---------- DATA SEGMENT ----------

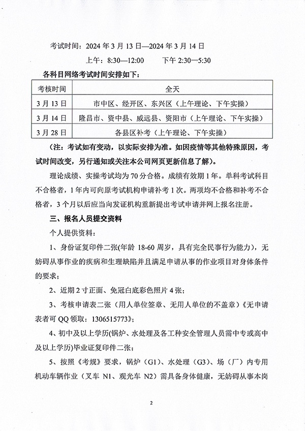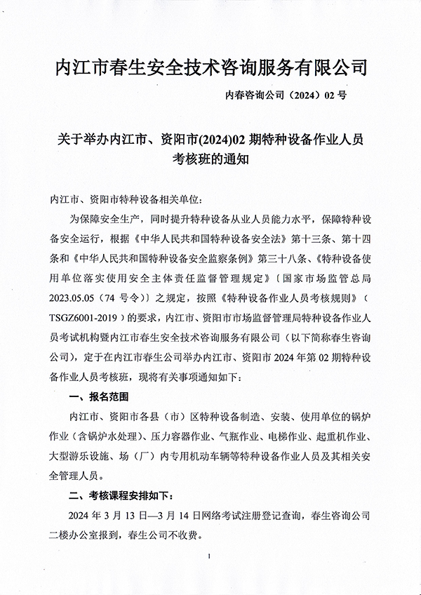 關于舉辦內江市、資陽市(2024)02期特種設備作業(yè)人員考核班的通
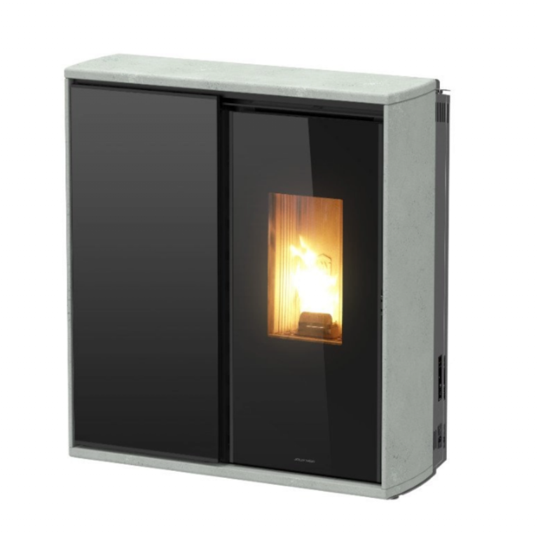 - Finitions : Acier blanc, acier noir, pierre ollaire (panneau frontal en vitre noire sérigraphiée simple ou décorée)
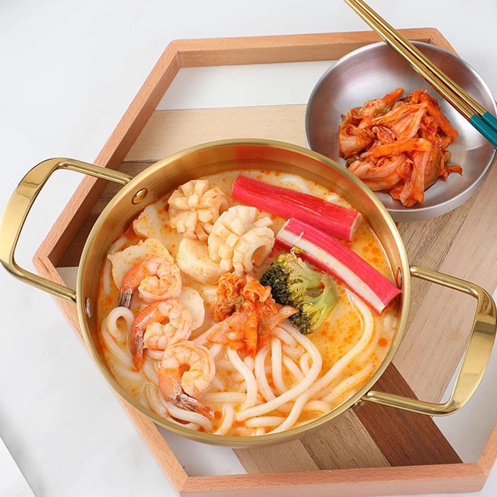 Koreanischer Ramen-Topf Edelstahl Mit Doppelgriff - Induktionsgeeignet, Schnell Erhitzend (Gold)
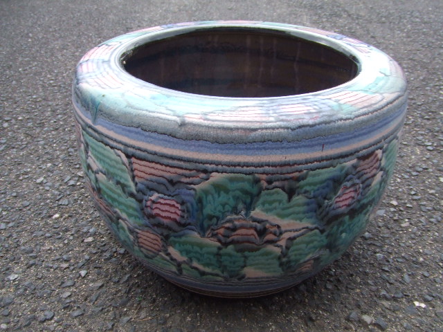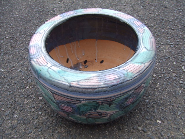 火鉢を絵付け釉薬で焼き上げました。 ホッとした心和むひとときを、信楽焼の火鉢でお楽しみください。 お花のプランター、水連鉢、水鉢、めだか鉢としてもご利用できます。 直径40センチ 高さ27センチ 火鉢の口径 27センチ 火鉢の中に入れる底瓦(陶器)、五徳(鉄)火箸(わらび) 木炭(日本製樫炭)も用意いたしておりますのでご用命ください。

----------

(WORK ITEM):
Your copy must consist solely of the lines from the one containing "- Finitions : Acier" through the final line of the material above, transcribed exactly, with the pictures left out.

(RESULT FOR THIS TASK):
 - Finitions : Acier blanc, acier noir, pierre ollaire (panneau frontal en vitre noire sérigraphiée simple ou décorée)
 Koreanischer Ramen-Topf Edelstahl Mit Doppelgriff - Induktionsgeeignet, Schnell Erhitzend (Gold)
 火鉢を絵付け釉薬で焼き上げました。 ホッとした心和むひとときを、信楽焼の火鉢でお楽しみください。 お花のプランター、水連鉢、水鉢、めだか鉢としてもご利用できます。 直径40センチ 高さ27センチ 火鉢の口径 27センチ 火鉢の中に入れる底瓦(陶器)、五徳(鉄)火箸(わらび) 木炭(日本製樫炭)も用意いたしておりますのでご用命ください。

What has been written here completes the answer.